Because of the importance of HRVs as human pathogens, many approaches have been made to develop specific and sensitive methods for the diagnosis of rhinovirus infections. Conventional methods are based on viral propagation in susceptible cell lines, usually HeLa cells or human embryonic fibroblasts, in slowly rotating tubes at 33°C. After viral isolation, the differentiation of rhinoviruses from enteroviruses is performed by demonstrating the lability of HRVs in an acidic environment (7). This traditional viral isolation procedure is laborious and time-consuming and has also been shown to be rather insensitive.

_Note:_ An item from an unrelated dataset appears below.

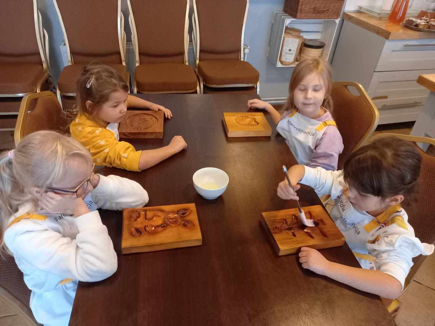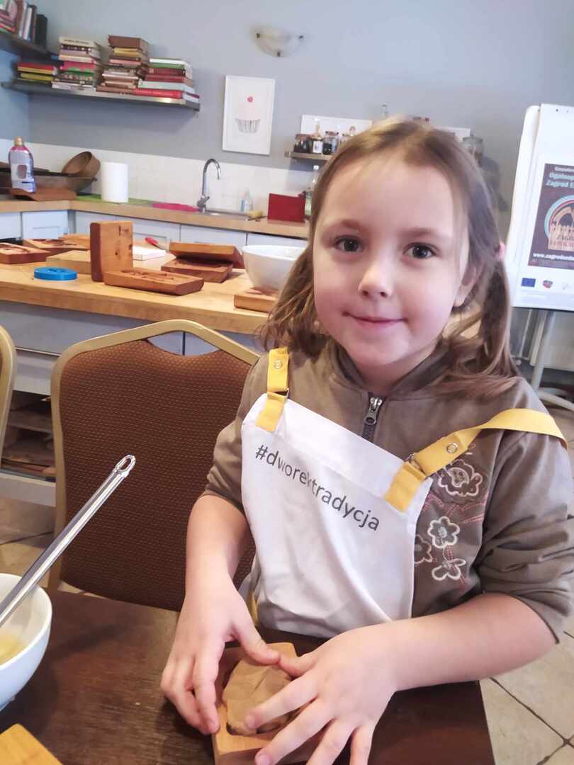 Podczas drugiego warsztatu zerówiaki wypiekały tradycyjne pierniki szczecińskie według oryginalnej, starej receptury. Zajęcia praktyczne zostały poprzedzone rozmową na temat pochodzenia przypraw i ich zastosowania w dawnej i dzisiejszej kuchni. Następnie każdy samodzielnie przygotował formę do wypieku swojego piernika oraz uzupełnił ją ciastem. W oczekiwaniu na pierniki, dzieci delektowały się domowym ciastem i kompotem.

During the past few years, reverse transcription (RT)-PCR has repeatedly been shown to be a sensitive method for the detection of rhinovirus in clinical specimens (4, 8, 10, 12). Most of the RT-PCR methods take advantage of the conserved sequences in the 5′ noncoding region of the picornavirus genome (4, 8, 10, 12, 13). Rhinoviruses and enteroviruses have been differentiated either by selection with rhinovirus-specific primer pairs (12, 15), by differences in the sizes of the PCR products analyzed visually after electrophoresis in agarose gels (6), by sequencing (15), or by hybridization assays using probes specific for rhinoviruses and enteroviruses (9, 10, 13). Recently, microwell hybridization of PCR amplicons with specific oligonucleotide probes in streptavidin-coated plates has been applied for identification of herpes simplex virus DNA (18) as well as for identification of rhinoviral and coronaviral RNAs (17) and enteroviruses (2).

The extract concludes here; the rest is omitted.